Maximum COD, TOC, and turbidity removal efficiencies as well as operating variables (CD, t EC, and pH) at optimized values for treatment of MCW are 88.43%, 79.1%, 99.8%, 66.39 A/m2, 20.60 min, and 7.03 pH for Fe electrode and 90.11%, 81.30%, 99.9%, 62.67 A/m2, 24.39 min, and 5.01 pH for Al electrode, respectively. Operating costs for Fe and Al electrodes at optimum conditions are 0.80 €/m3 (or 0.22 €/kg COD) and 1.08 €/m3 (or 0.28 €/kg COD).

4 Conclusions

The statistical analysis shows that all the variables set in the preparation of the model, within the tested boundaries of the model, have significant effect on the model. Current density, initial pH, and operating time for the treatment of MCW influence the COD, TOC, and turbidity removal efficiencies.
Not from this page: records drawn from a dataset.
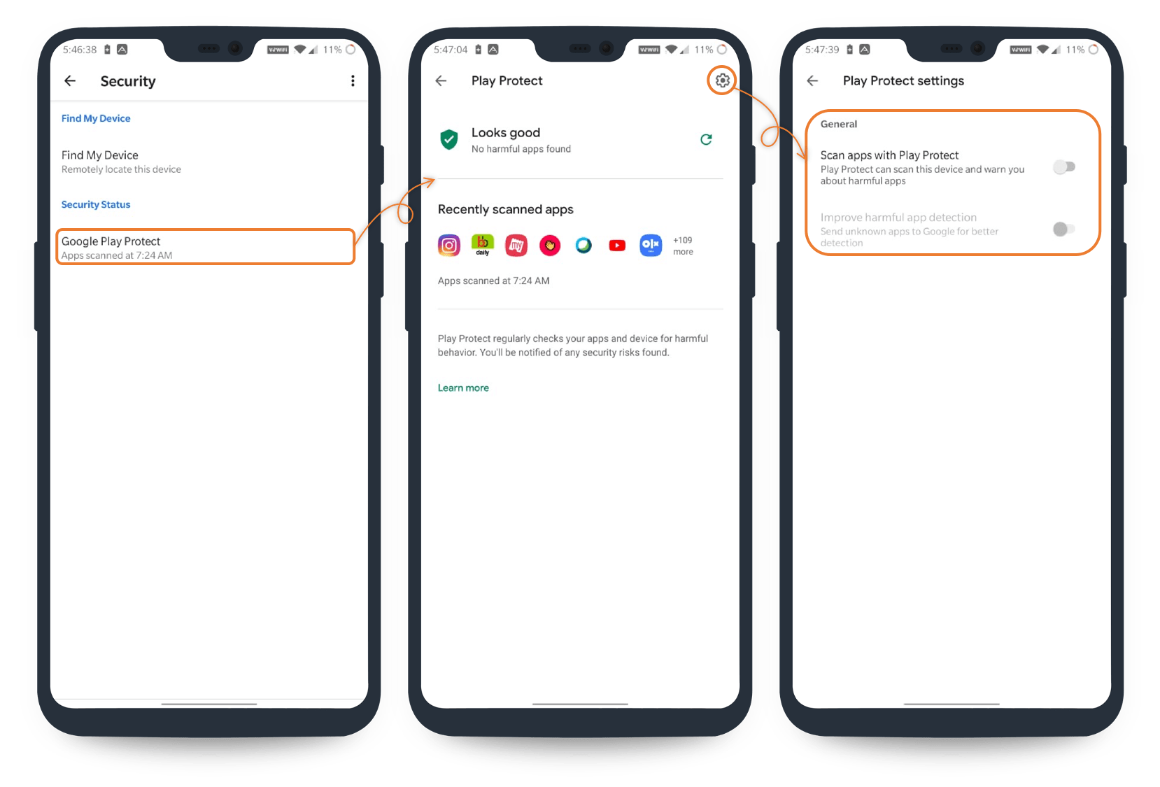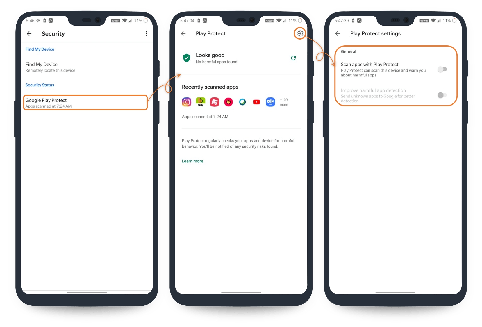 Unchecked the two items: “Scan apps with Play Protect” and “Improve harmful app detection”.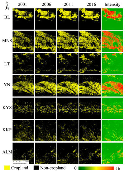 - The annual cropland maps created in this study are a useful basis for monitoring cropland distribution dynamics. Both wall-to-wall comparison and acreage statistics showed that the cropland expanded significantly in BL, MNS, and YN during the past 16 years, and the cropland in these four study regions had high cropland intensity. The cropland acreage in KYZ, KKP, and ALM have lower cropland intensity as the fields in these study regions were in rotation, and no clear expansion or shrinkage trends were observed.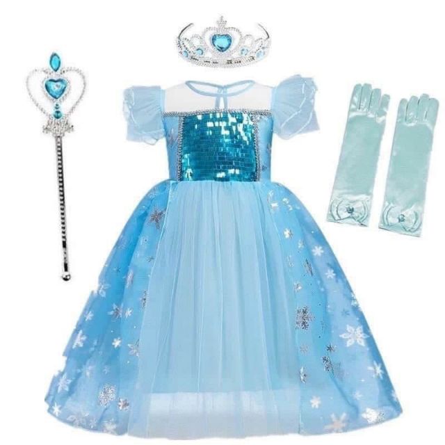 VÁY ELSA + VƯƠNG MIỆN + ĐŨA THẦN + GĂNG TAY CHO BÉ GÁI (8-32KG)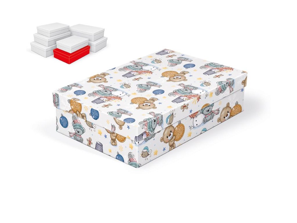 Vianočná darčeková krabička, rozmery 28 x 18 x 7 cm Darčeková krabička s detským motívom medvedíkov, vianočných ozdôb a snehuliakov. Dodávame len v sade 7 darčekových krabíc, ktoré sú v rovnakom dizajne, ale v rôznych veľkostiach. Keď ich vložíte do košíka, ostatné škatule sa automaticky vložia, aby ste mali v košíku vždy celú, kompletnú sadu. Cena je uvedená za 1 ks. Materiál: 1,5 mm kartón, potiahnutý papierom s potlačou Súprava obsahuje tieto krabice: 5371023 Vianočná darčeková krabička A-V010-A 24x16x6 cm 5371024 Vianočná darčeková krabička A-V010-B 26x17x6 cm 5371025 Vianočná darčeková krabička A-V010-C 28x18x7 cm 5371026 Vianočná darčeková krabička A-V010-D 30x19x7 cm 5371027 Vianočná darčeková krabička A-V010-E 32x20x8 cm 5371028 Vianočná darčeková krabička A-V010-F 34x22x8 cm 5371029 Vianočná darčeková krabička A-V010-G 36x22x9 cmDodatočné parametre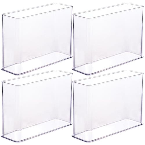 - Super versátil: Os organizadores se encaixam em qualquer espaço, seja ele vertical ou horizontal. A base de cada organizador serve como tampa para o item semelhante que estiver alinhado imediatamente abaixo;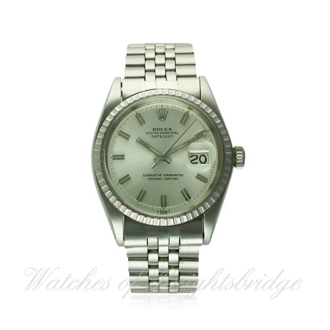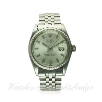 A RARE GENTLEMAN'S STAINLESS STEEL ROLEX OYSTER PERPETUAL DATEJUST BRACELET WATCH CIRCA 1971, REF. 1603 "WIDE BOY" D: Silver dial with wide silver batons & hands, date aperture. M: 26 jewel automatic chronometer movement, signed Montres Rolex S.A. & numbered, calibre 1570. C: Oyster case with milled bezel, signed Montres Rolex S.A., dated III.71, numbered, Rolex crown, case diameter measures approx. 36mm. B: Original Rolex Jubilee bracelet, signed Rolex U.S.A.. CONDITION REPORT D: Original dial in excellent condition. M: Working at present. C: In excellent condition, with some light scratches due to general use. B: In excellent condition. D: Dial / M: Movement / C: Case / S: Strap / B: Bracelet.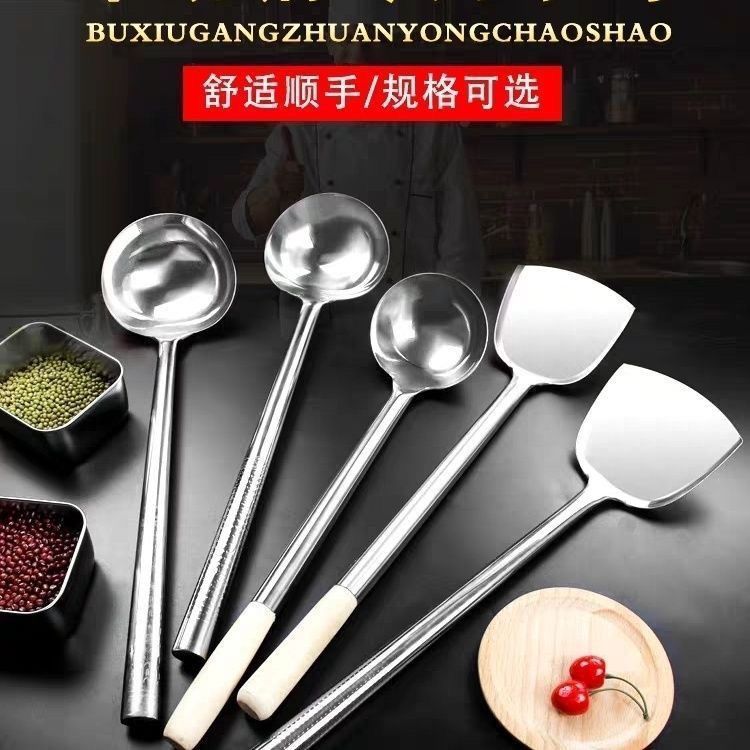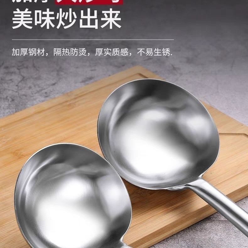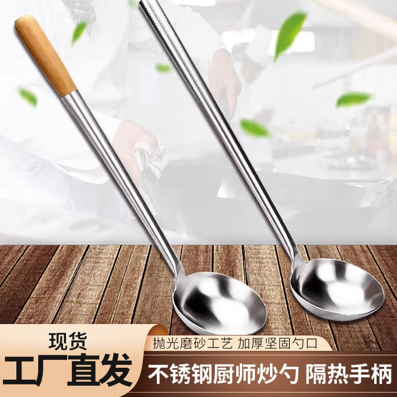 不锈钢炒勺厨师专用炒菜勺子家用长柄汤勺大号商用粥勺分菜勺家用
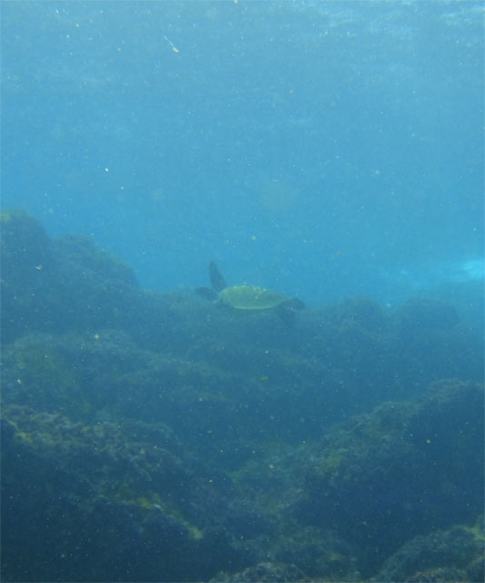 蒼く抜けてる夏の海をふわっと泳いでみたり、綺麗な魚達をいろいろ見て頂いたりもして、今日もなんとかアオウミガメもみんなでしっかり見られました。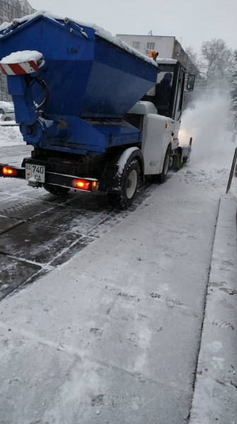 Работы по подсыпке дорог солью начались глубокой ночью, мы были на улицах города уже в 2 часа. Было израсходовано порядка 196 тонн технической соли. На борьбу со снегом вышло 25 сотрудников дорожно-эксплуатационного отдела с привлечением 25 единиц спецтехники, снегоуборочных машин на базе МАЗ, 2 пескоразбрасывательных машины на базе ЗИЛ-130 КДМ, 2 фронтальных погрузчика, 4 универсальные машины, 5 тракторов «Беларус».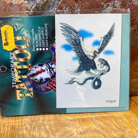 Två coola tillfälliga tatueringar. Nyvara i nyskick. Skull, skalle, döskalle, ödla. Lyser i mörkret. Tatuering. Tillfällig. Glow.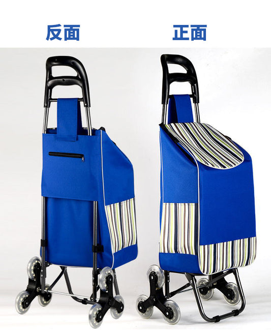 【**藏青條紋**】摺疊兩輪便攜式購物車 手拉車 買餸車 手推車 袋子可拆卸 環保手拉購物車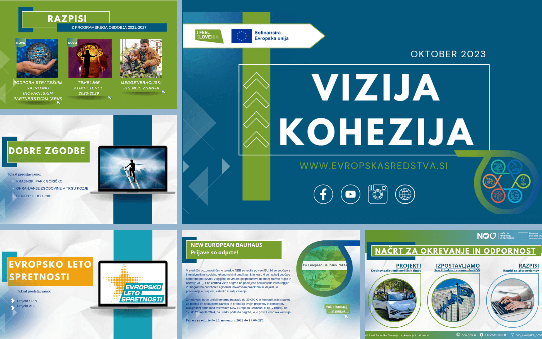 V najnovejši številki Vizije kohezije ne spreglejte novih in aktualnih javnih razpisov. Predstavljajo dobre zgodbe, tokrat: Krajinski park Goričko, ohranjanje zgodovine v trgu Kozje in Center o delfinih, predstavljajo projekta SPIN in ASI, napovedujejo dogodke in prinašajo zanimive novice s področja evropske kohezijske politike.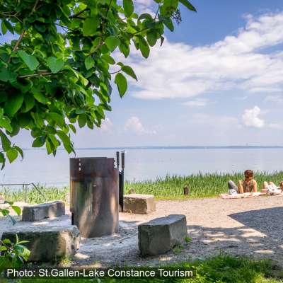 Bei dem idyllisch gelegenen Frauenbad in Frasnacht bietet sich einem eine fantastische Aussicht auf den funkelnden Bodensee – Ferienfeeling pur. Für das gemütliche Beisammensein stehen eine Feuerstelle und grosse Steine zum Sitzen bereit. Wer also eine Pause von der schweisstreibenden Velotour braucht, ist hier genau richtig.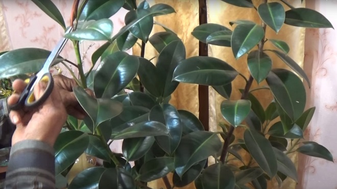 Den raske veksten av ficus må kontrolleres ved regelmessig å kutte av toppen. Dette tiltaket bidrar til å danne en vakker krone og forynge planten.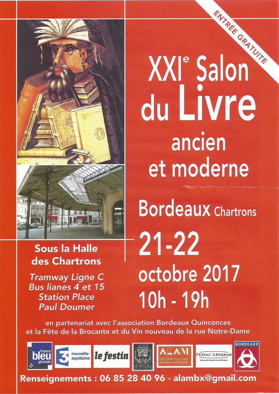 Bonjour, je vous adresse, en pièces jointes, les informations pour le prochain salon du livre ancien & moderne. La 21ème édition aura lieu le samedi 21 & dimanche 22 octobre 2017 sous la Halle des Chartrons à Bordeaux. Je vous souhaite bonne réception de ce mail, restant à votre disposition, en vous remerciant par avance d’en faire écho. Dans l’attente, bien cordialement. lire la suite
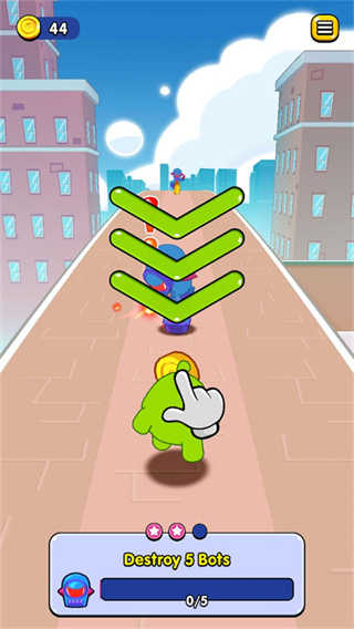 5、游戏中还会出现大量的机器人,下滑或左右滑动即可将其击败;
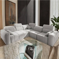 Kelly Sleek X šedá levá rohová sedačka s funkcí spaní mimořádně elegantní rohová sedačka do obývacího pokoje s nastavitelnými opěrkami hlavy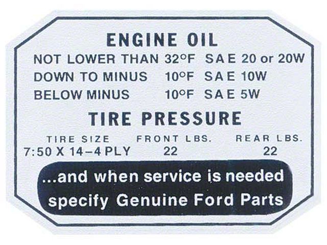 Ford Thunderbird Glove Box Decal - Engine Oil / Tire Pressur,e

The optimal electrocoagulation conditions for maximum removal efficiencies of COD, TOC, and turbidity found by RSM are current density (66.39 A/m2), initial pH (7.03), and operating time of EC (20.60 min) for Fe electrode and current density (62.67 A/m2), initial pH (5.01), and operating time of EC (24.39 min) for Al electrode. It is characterized by desirability of 0.728 for Fe electrode and 0.819 for Al electrode. The actual COD, TOC, and turbidity removals at optimized conditions are found to be 93.0%, 83.0%, and 99.8% for Fe electrode and 93.5%, 85.2%, and 99.9% for Al electrode, respectively, which confirms close to the predicted response using RSM. Minimal operating costs for Fe and Al electrodes are 0.371 and 0.337 €/m3. A mathematical approach is useful for picturing the theoretical electrocoagulation of metal cutting wastewater treatment.